Baca: Harga Emas Naik Sedikit Di Perdagangan Asia Pada Hari Kamis (23/11)
Dalam konteks regional, mata uang Won Korea Selatan naik sedikit, sementara rupee India berada di sekitar rekor terendah. Rupee India mencapai rekor terendah 83,565 minggu ini akibat permintaan dolar yang konstan dari importir lokal, sebagian besar mengimbangi lemahnya greenback. Defisit perdagangan India yang besar telah menjadi titik tekanan utama bagi rupee, yang mencapai serangkaian rekor terendah terhadap dolar tahun ini.

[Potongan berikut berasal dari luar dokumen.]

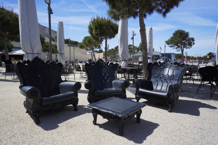 Im Vorbeilaufen amüsiere ich mich über diese opulenten Sitzmöbel, …

Indeks dolar dan indeks dolar berjangka turun sekitar 0,2% di perdagangan Asia, tetapi menguat selama dua hari berturut-turut setelah data menunjukkan klaim pengangguran mingguan turun lebih sedikit dari yang diharapkan, mengindikasikan ketahanan di pasar tenaga kerja. Meskipun demikian, data tersebut dan sinyal yang agak hawkish dari notulen rapat Federal Reserve memunculkan ketidakpastian mengenai kapan bank sentral akan mulai memangkas suku bunga. Pemertahanan prospek suku bunga yang lebih tinggi oleh Fed untuk waktu yang lebih lama telah mempengaruhi ekspektasi pasar, dengan beberapa traders mengurangi harapan bahwa bank akan mulai memangkas suku bunga paling cepat pada Maret 2024. Meskipun demikian, sebagian traders masih berharap bahwa bank tersebut telah selesai menaikkan suku bunga, yang dapat memberikan dukungan untuk mata uang Asia.